COLLECTED MATERIAL
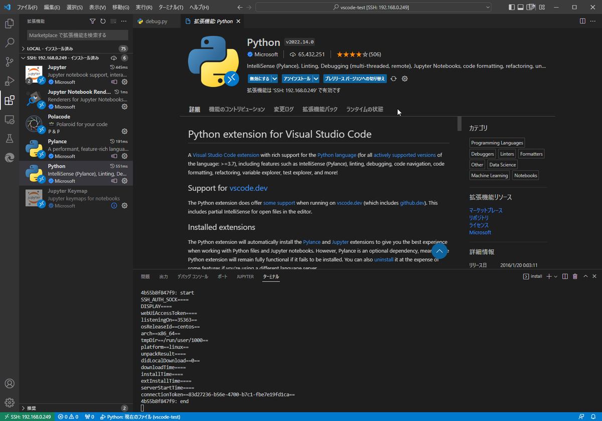 CentOS7 + vscode(remote development)でpythonのデバッガーが動かなくなった
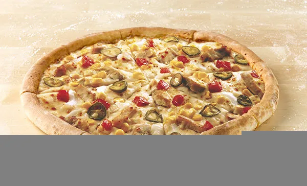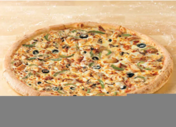 Grilled chicken, chicken sausage, chicken pepperoni, fresh mushroom, onion, green pepper and black olives
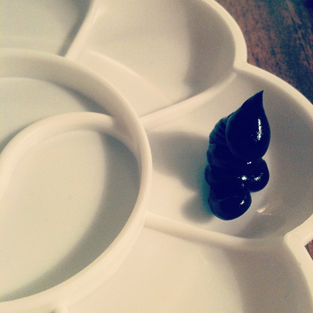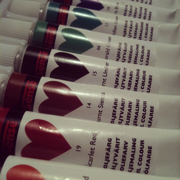 För två år sen fick vi akvarellfärg och oljefärg med set av Ws familj. Inte gett mig an dem fören nu. Haft en tavla jag tänkt göra under en längre period. Någonstans gick jag vilse i tankar om hur en målning aldrig väntar på en reaktion, hur den aldrig ber om något tillbaka, hur den inte bryr sig. Det spelar som ingen roll om det är fult eller fint, så länge budskapet går fram i fantasin. Eller inte. Absolut men obestämt.

TASK DIRECTIONS
Wherever a picture appears in the data, please drop it and retype the rest exactly.

THE ANSWER
 CentOS7 + vscode(remote development)でpythonのデバッガーが動かなくなった
 Grilled chicken, chicken sausage, chicken pepperoni, fresh mushroom, onion, green pepper and black olives
 För två år sen fick vi akvarellfärg och oljefärg med set av Ws familj. Inte gett mig an dem fören nu. Haft en tavla jag tänkt göra under en längre period. Någonstans gick jag vilse i tankar om hur en målning aldrig väntar på en reaktion, hur den aldrig ber om något tillbaka, hur den inte bryr sig. Det spelar som ingen roll om det är fult eller fint, så länge budskapet går fram i fantasin. Eller inte. Absolut men obestämt.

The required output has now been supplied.